WHAT YOU NEED TO DO: Filter by the string "lors": return the lines of the material that contain it.

INFORMATION PROVIDED:
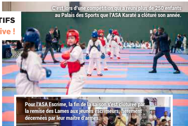
C'est lors d'une compétition qui a réuni plus de 250 enfants au Palais des Sports que l'ASA Karaté a clôturé son année.

Une fin de saison en beauté, qui sonne le début de la traditionnelle pause de l'été, avant une reprise active dès le 7 septembre lors du Forum des associations !
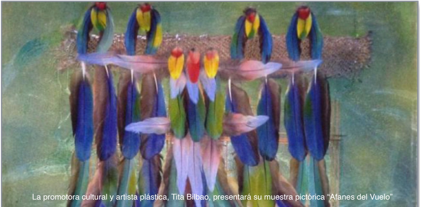
La promotora cultural y artista plástica, Tita Bilbao, presentará su muestra pictórica "Afanos del Vuelo"

A partir de agosto del 2018, radica en la ciudad de Chihuahua, Chh., continúa con su trabajo artístico y con el espacio de Tiempo de Oficios, desde donde desarrolla actividades artísticas, educativas y de promoción cultural.
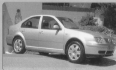
VOLKSWAGEN BORA 1.9 TDI (130 cv), año 2001, 4 motion, piel, clima, xenon, equipo c.disc, 4 puertas, 10.000 Km, 24950 Euros
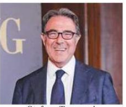
Stefano Tronconi Pirola Pennuto Zei & Associati
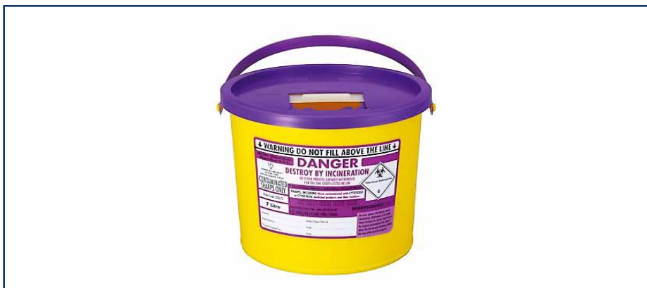
شکل ۱-۱۱: ظرف مورد استفاده برای ذخیره سازی پسماندهای نوک تیز آلوده شده توسط پسماندهای دارویی سایتوتوکسیک و سایتواستاتیک

Animal EWC Code = 18 02 07 → کد مربوط به استفاده های حیوانی
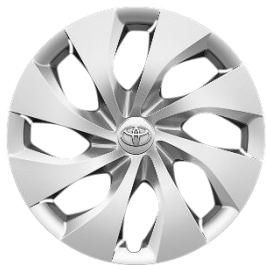
16" Stahlfelge silber
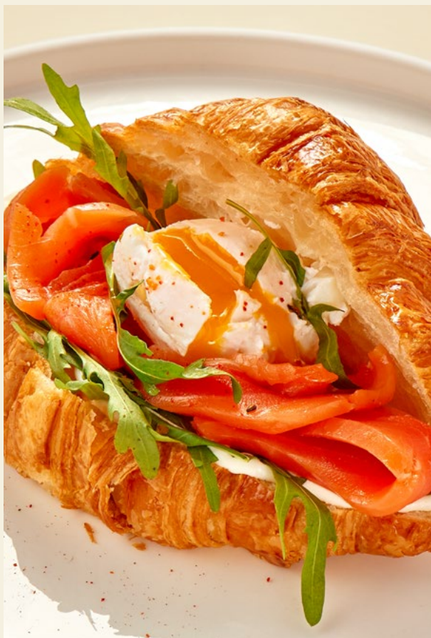
КРУАССАН С ФОРЕЛЮ, СЛИВОЧНЫМ СЫРОМ И РУККОЛОЙ 220Г 645
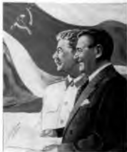
J.V.Stalin a K.Gottwald
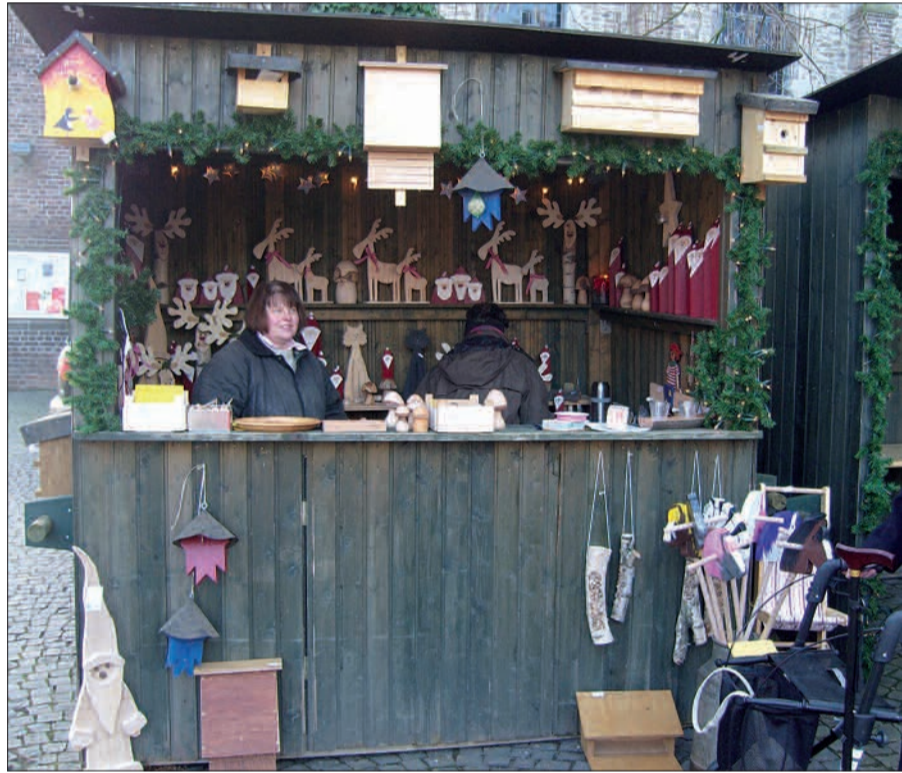
Immer aktiv für Menschen in Not sind die fleißigen Helferinnen des Adventsbasars.

chen bietet Trödel und Second-Hand Artikel an. Für das leibliche Wohl werden Kaffee und Kuchen, Waffeln, Eintopf, Grillwürstchen, Pommes, Reibekuchen, Matjes, Brathering und Getränke angeboten. Der Erlös wird vollständig sozialen Projekten gespendet.

OUTPUT FOR THIS TASK:
C'est lors d'une compétition qui a réuni plus de 250 enfants au Palais des Sports que l'ASA Karaté a clôturé son année.
Une fin de saison en beauté, qui sonne le début de la traditionnelle pause de l'été, avant une reprise active dès le 7 septembre lors du Forum des associations !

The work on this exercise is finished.